Врачи убеждают прервать беременность — а ребенка можно прооперировать

— Вы сегодня известны как хирург, одним из первых сделавший внутриутробную операцию ребенку со spina bifida. Вы помните, когда и как впервые увидели ребенка с такой патологией?

— Да, помню очень хорошо, это был 1984 год. Я тогда второй год работал у своей мамы, она заведовала отделением нейрохирургии в Ялтинской городской клинической больнице. Вся больница сбежалась смотреть на спинномозговую грыжу. Удивила не тяжесть патологии, потому что я тогда не очень понимал, что это такое, а ее редкость. Окружающие врачи, люди с явно большим опытом, чем у меня, тоже не видели ни разу spina bifida и были удивлены. Ялта очень маленький город, в год случается 600-800 родов, вероятность того, что появится ребенок с таким заболеванием, чрезвычайно низка.

— Уже тогда вы хотели работать детским нейрохирургом?

— Нет, была задача стать хорошим нейрохирургом. Я заканчивал лечебный факультет, готовился к работе со взрослыми. Но пришлось перестроиться: до меня в больницу молодые хирурги не приходили четыре года. Я дежурил как офтальмолог, невролог, травматолог, абдоминальный хирург, нейрохирург, в поликлинике работал. Когда я отработал в таком режиме четыре года, мне предложили отучиться в ординатуре в Москве, вернуться и создать в Ялте детскую нейрохирургическую службу. Мама создала нейрохирургическую для взрослых, а мне предложили пойти по ее стопам. И только в Москве я увидел, что такое на самом деле нейрохирургия, и работать в Ялту, конечно, не вернулся.

— Где сегодня в России оперируют spina bifida как внутриутробно, так и в первые сутки после родов? И какое соотношение количества операций и запросов?

— У нас сейчас нет четкой статистики. Сегодня спинномозговые грыжи можно увидеть при скрининге уже на 12-13-й неделе, но основная проблема связана с тем, что не только родители, но и акушеры-гинекологи, неврологи, генетики не знают о возможности внутриутробных операций. И убеждают прервать беременность. В среднем должно рождаться полторы-две тысячи детей в год с таким диагнозом.

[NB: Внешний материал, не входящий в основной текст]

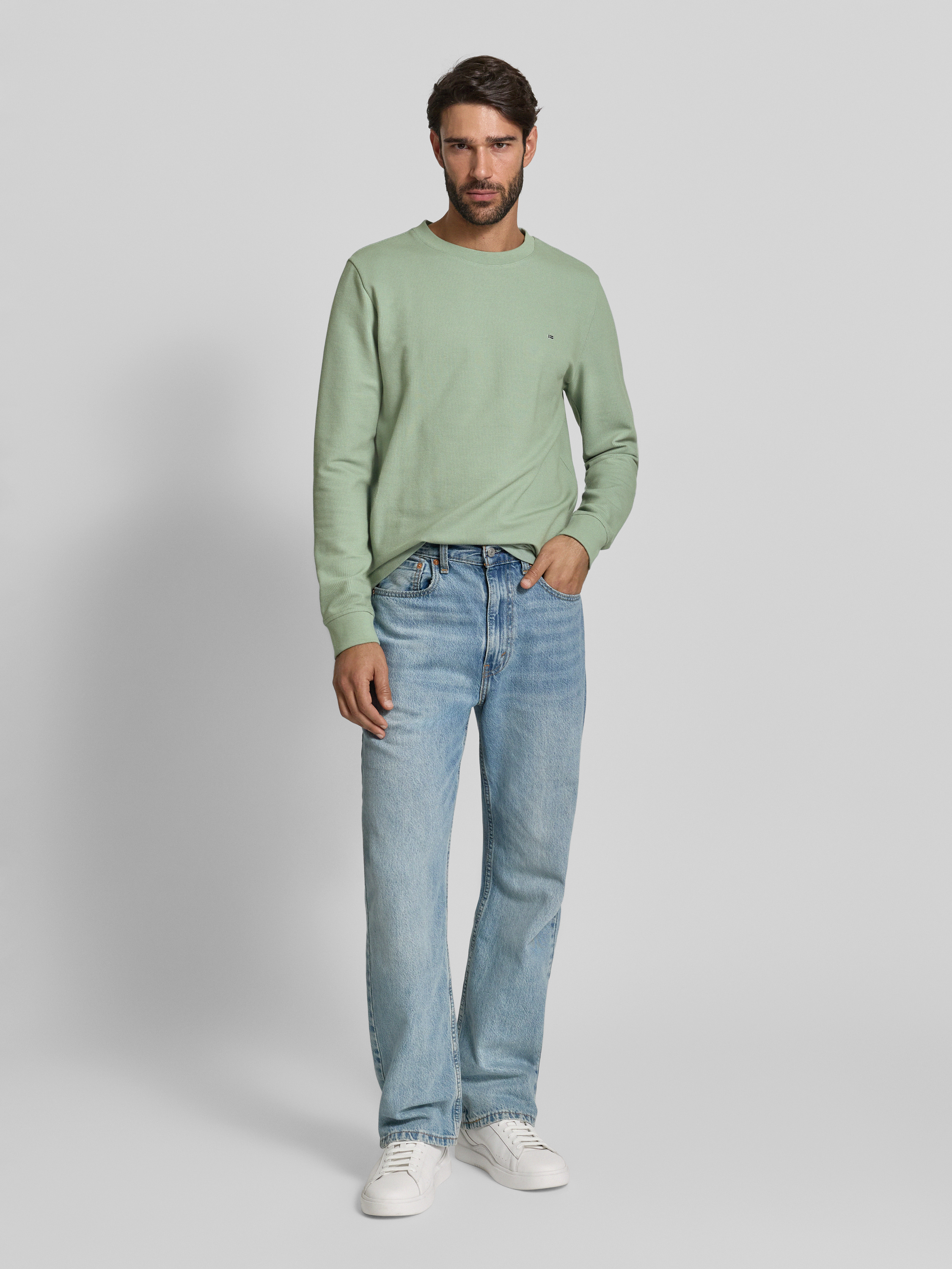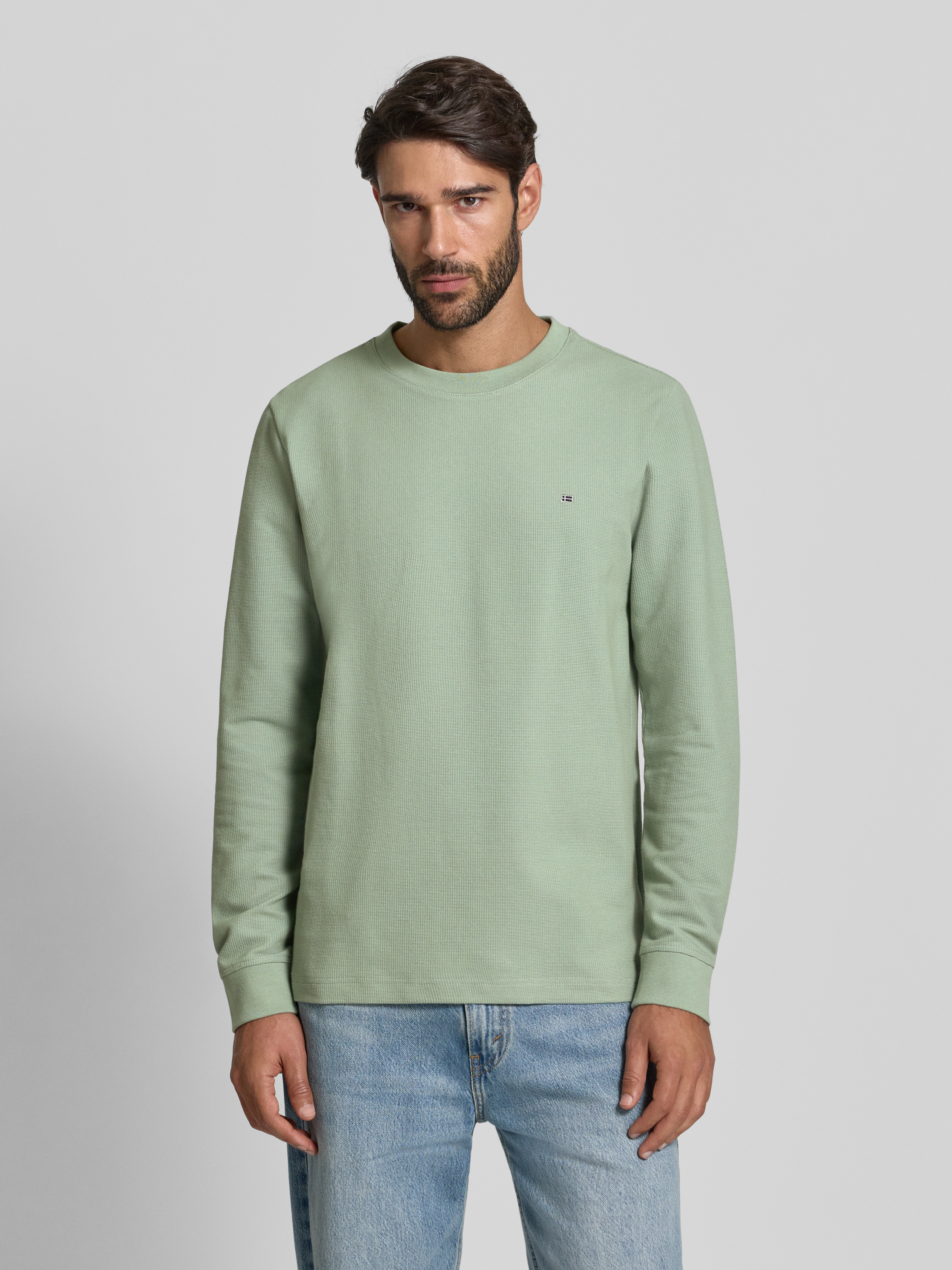 Shirt met lange mouwen, structuurmotief en ronde hals in rietgroen

В первые сутки жизни их оперируют почти по всей стране: в Новосибирске, Тюмени, Владивостоке, Твери, Оренбурге, Хабаровске, Иркутске, во всех городах, где есть нейрохирурги. 

Технически операция несложная, длится от тридцати минут до часа. 

Почему мы в первые сутки оперируем? Боимся инфицирования. При spina bifida происходит неполное закрытие позвоночника, оболочек и кожи над спинным мозгом во время внутриутробного развития. Если грыжа покрыта кожей, подтекания спинномозговой жидкости нет, тогда можно и через полгода, и через год оперировать, это больше косметическая операция, чем жизнесохраняющая. Внутриутробно оперируют только в Москве.

— А в чем отличие внутриутробной операции от операции в первые сутки?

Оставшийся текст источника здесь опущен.